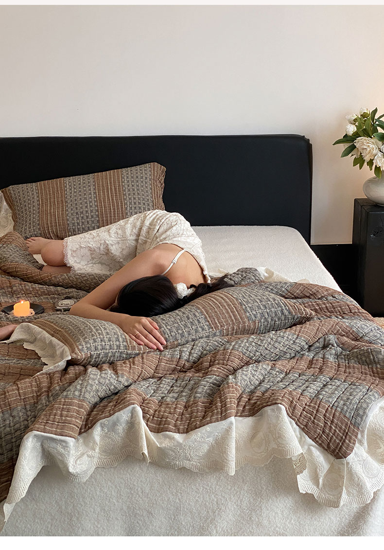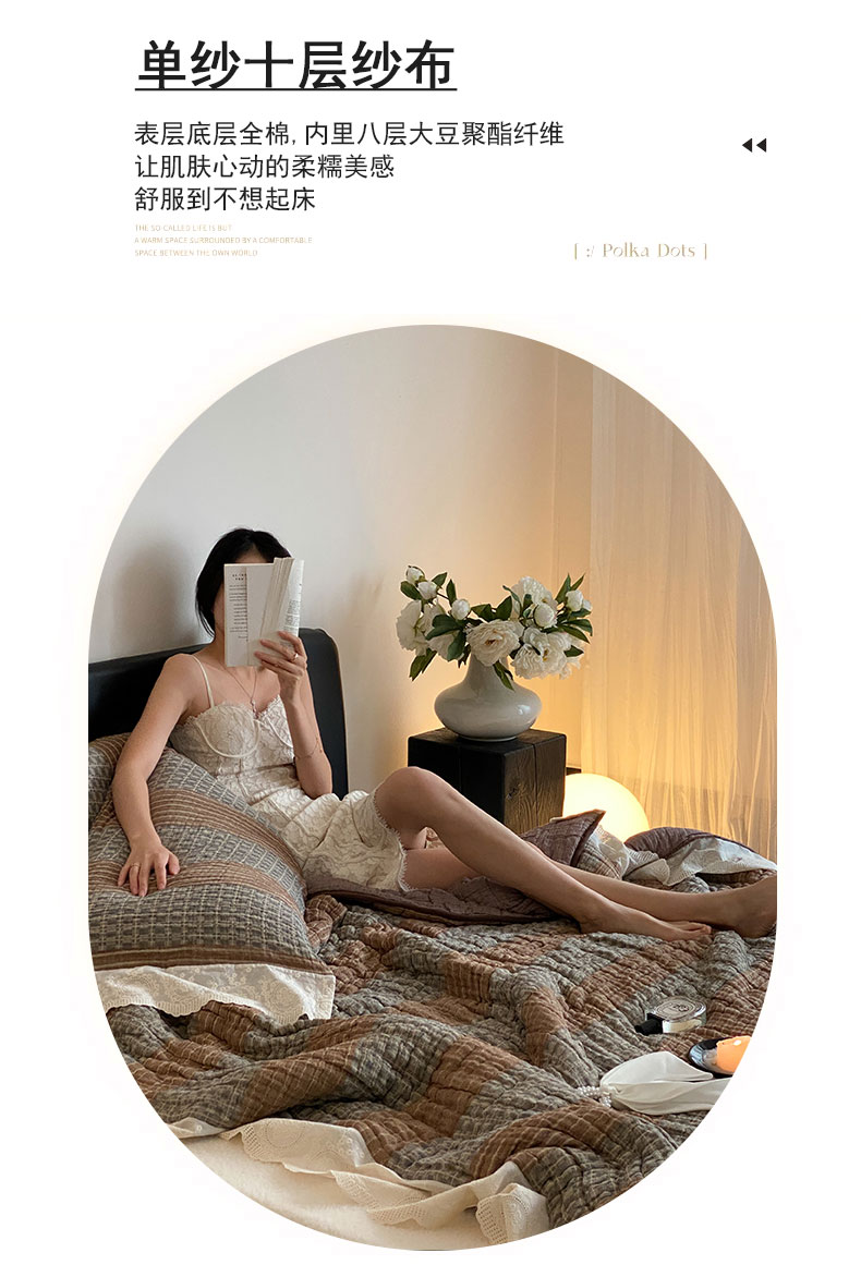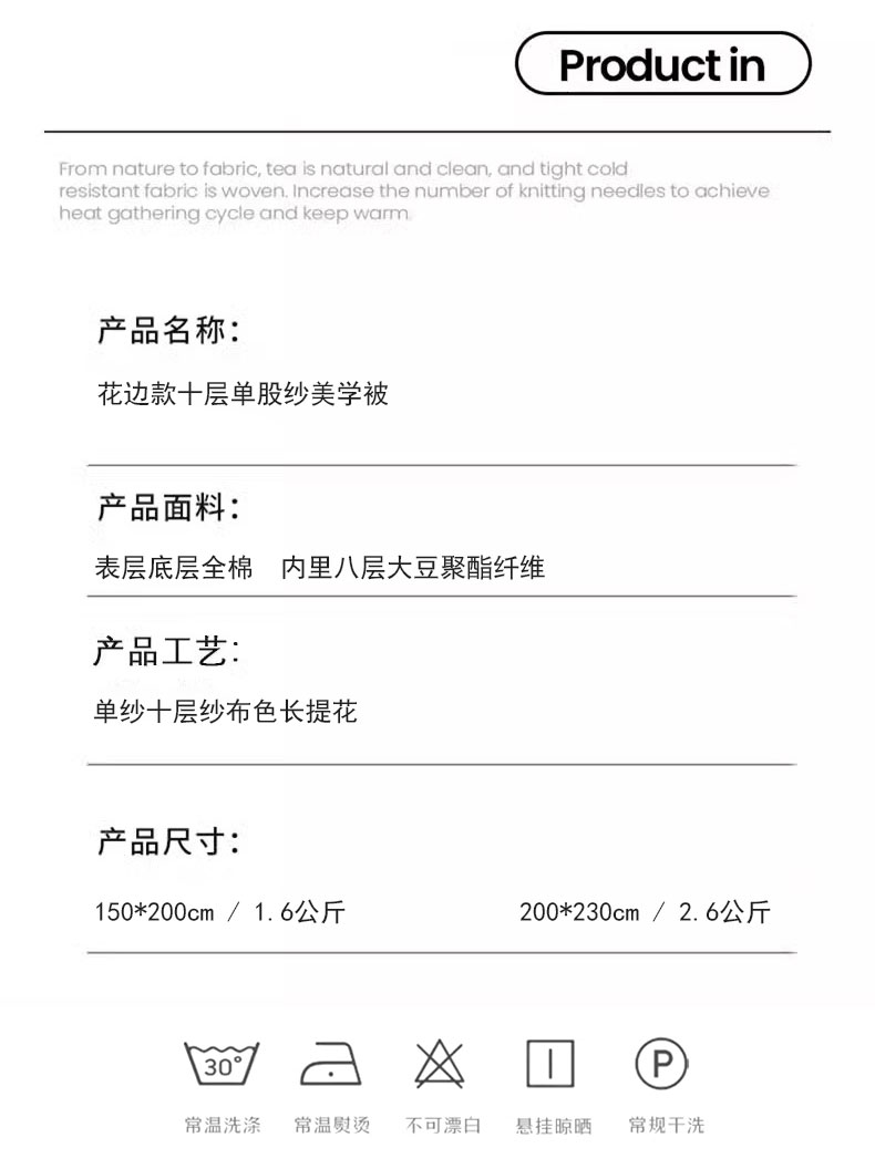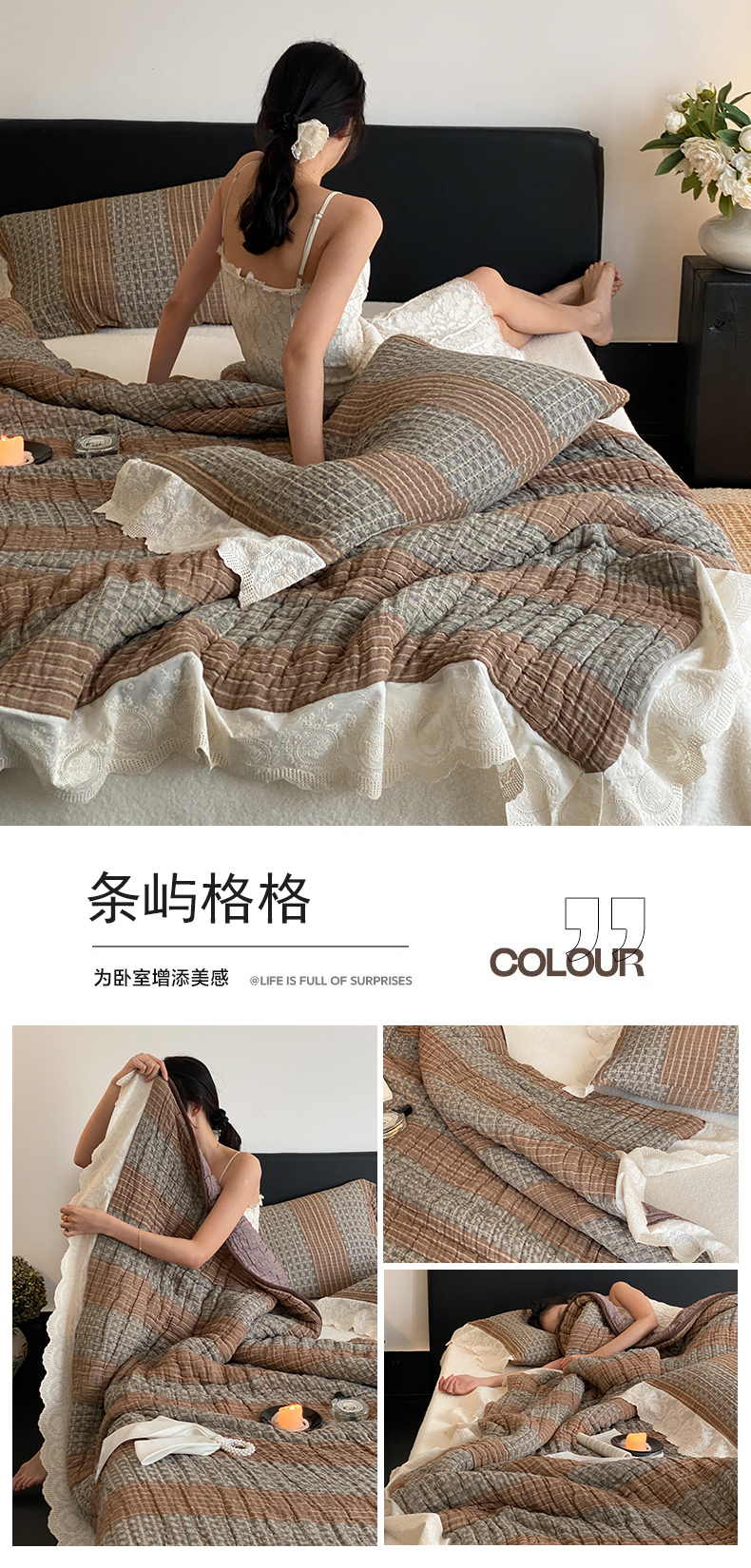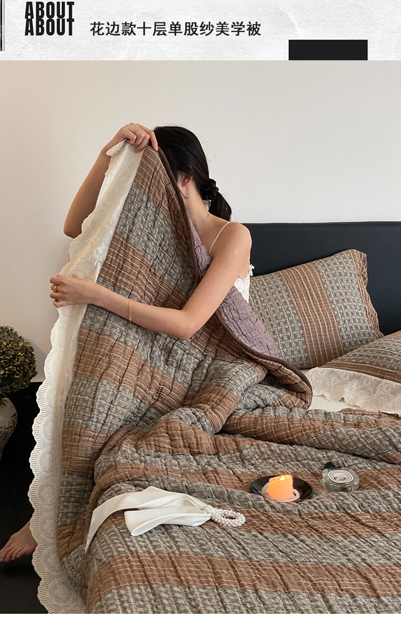 商品名称:麻依 2024新款十层单股纱美学被花边款纱布秋冬被子 条屿格格
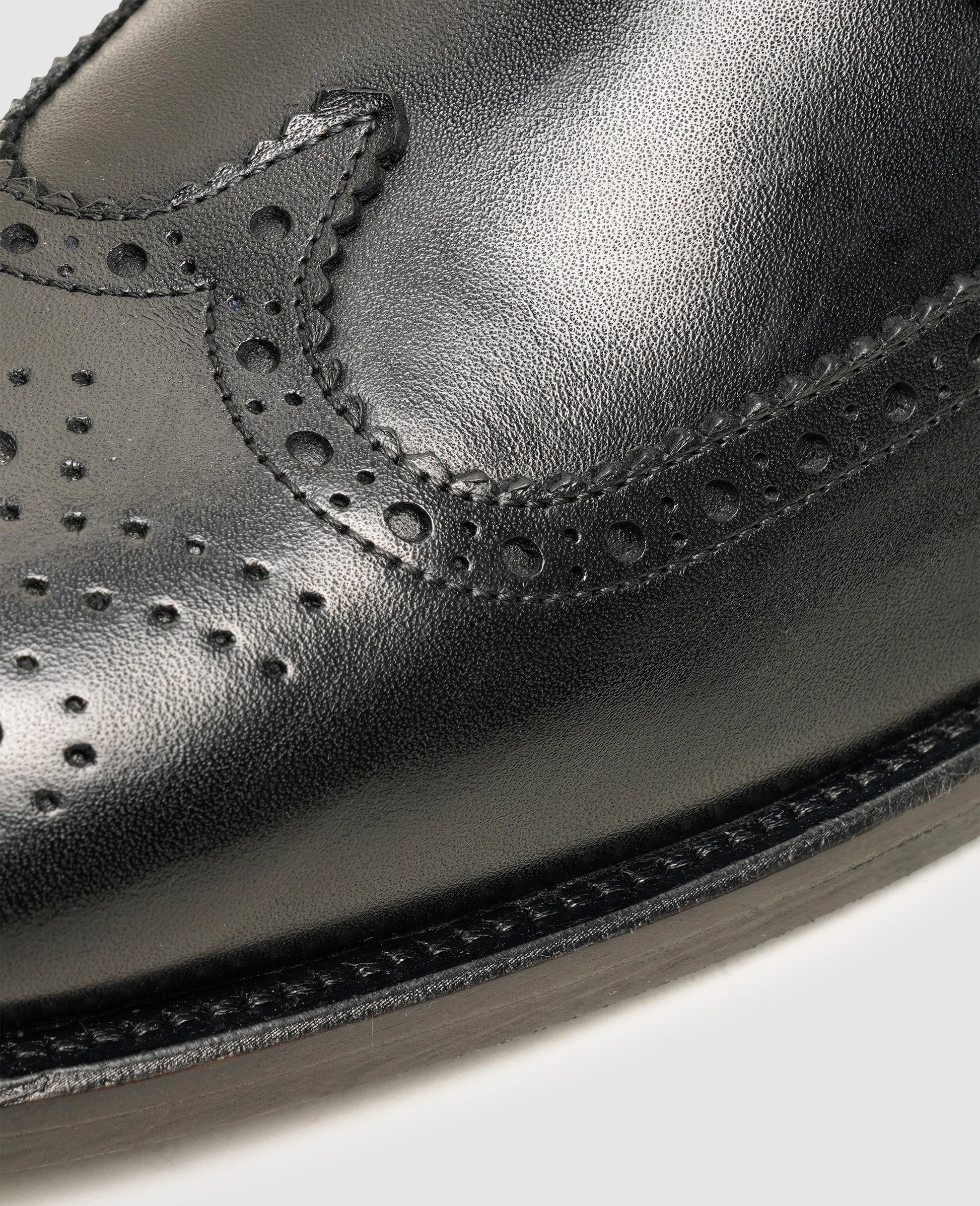 These Blake-stitched full-brogue Derby boots for men from the Henry Stevens collection offer a modern lightweight appeal. While the fine smooth leather showcases opulent detailing, the inner lining is made from compostable organic leather. The lightweight construction of the sole and padded heel cushion with memory foam effect provide comfort and flexibility, and the sturdy leather-rubber outsole prevents hazardous slipping in wet and slippery conditions.
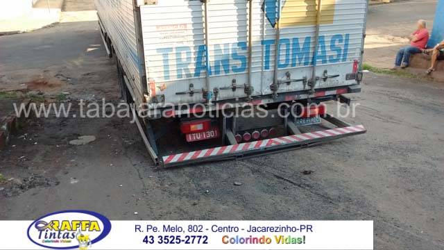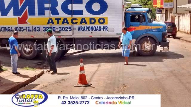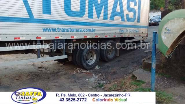 O problema acontece devido a uma grande valeta, quando foi feita a pavimentação da rua ficou uma depressão muito grande para escoamento de água e impede a passagem de caminhões pelo local, mas os motorista como não são de nossa cidade e desconhecem o problema e não á nenhuma sinalização informando o problema, acabam passando pelo transtorno e prejuízos
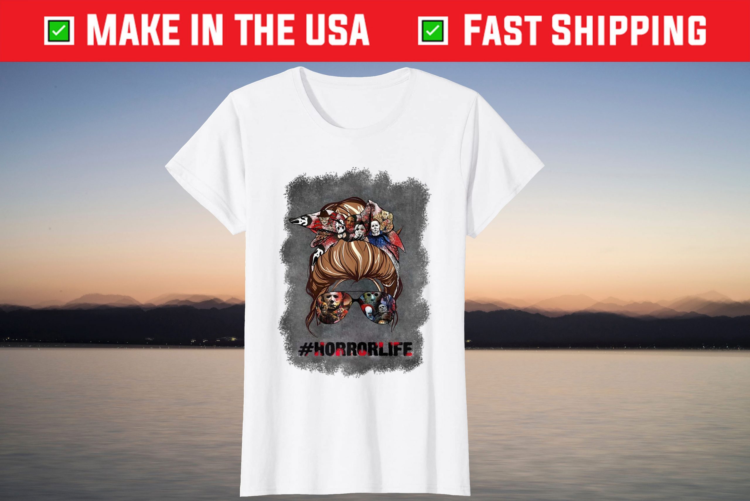 Messy Bun Horror Life Mom Halloween Gift Shirt
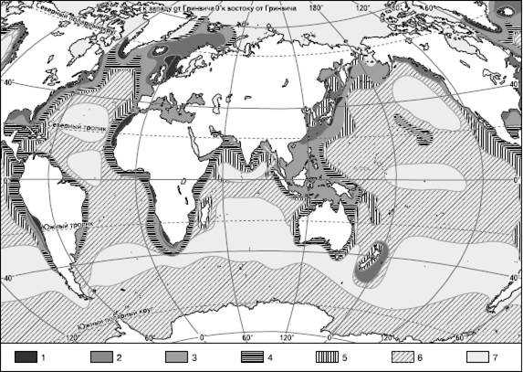Рис. 29. Рыбопродуктивность Мирового океана (по П. П. Моисееву): 1 – более 3000 кг/км2; 2 – более 1000; 3 – более 500; 4 – более 200; 5 – более 100; 6 – более 10; 7 – более 7 кг/км2
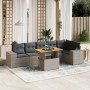 Set de sofás de jardín 7 piezas con cojines ratán PE gris
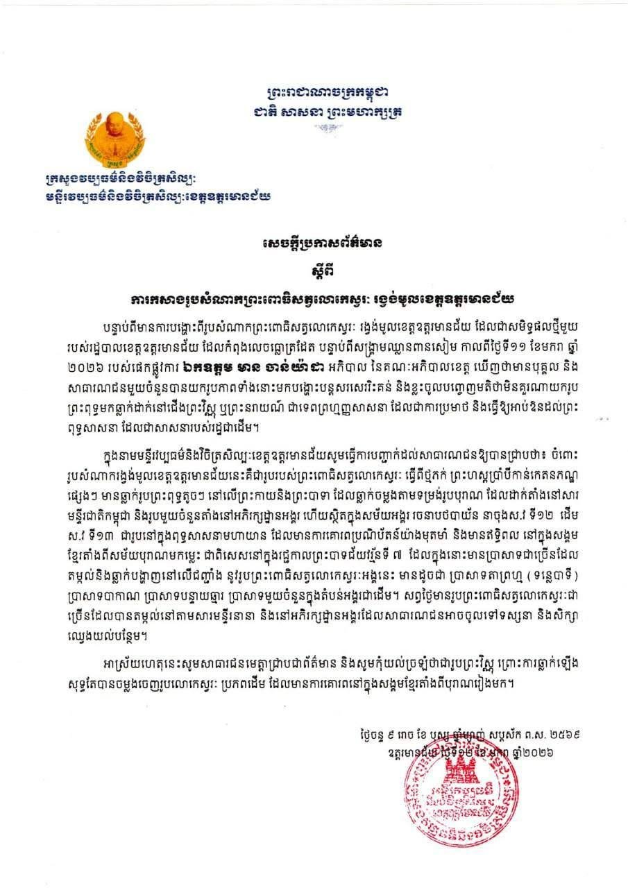 មន្ទីរវប្បធម៌ និងវិចិត្រសិល្បៈខេត្តឧត្តរមានជ័យ ចេញសេចក្តីប្រកាសព័ត៌មាន ស្តីពីការកសាងរូបសំណាកព្រះពោធិសត្វលោកេស្វរៈ រង្វង់មូលខេត្តឧត្តរមានជ័យ

[TASK DIRECTIONS]
When you copy the data above, reproduce each line exactly and skip every image.

[WRITTEN RESPONSE]
 商品名称:麻依 2024新款十层单股纱美学被花边款纱布秋冬被子 条屿格格
 These Blake-stitched full-brogue Derby boots for men from the Henry Stevens collection offer a modern lightweight appeal. While the fine smooth leather showcases opulent detailing, the inner lining is made from compostable organic leather. The lightweight construction of the sole and padded heel cushion with memory foam effect provide comfort and flexibility, and the sturdy leather-rubber outsole prevents hazardous slipping in wet and slippery conditions.
 O problema acontece devido a uma grande valeta, quando foi feita a pavimentação da rua ficou uma depressão muito grande para escoamento de água e impede a passagem de caminhões pelo local, mas os motorista como não são de nossa cidade e desconhecem o problema e não á nenhuma sinalização informando o problema, acabam passando pelo transtorno e prejuízos
 Messy Bun Horror Life Mom Halloween Gift Shirt
Рис. 29. Рыбопродуктивность Мирового океана (по П. П. Моисееву): 1 – более 3000 кг/км2; 2 – более 1000; 3 – более 500; 4 – более 200; 5 – более 100; 6 – более 10; 7 – более 7 кг/км2
 Set de sofás de jardín 7 piezas con cojines ratán PE gris
 មន្ទីរវប្បធម៌ និងវិចិត្រសិល្បៈខេត្តឧត្តរមានជ័យ ចេញសេចក្តីប្រកាសព័ត៌មាន ស្តីពីការកសាងរូបសំណាកព្រះពោធិសត្វលោកេស្វរៈ រង្វង់មូលខេត្តឧត្តរមានជ័យ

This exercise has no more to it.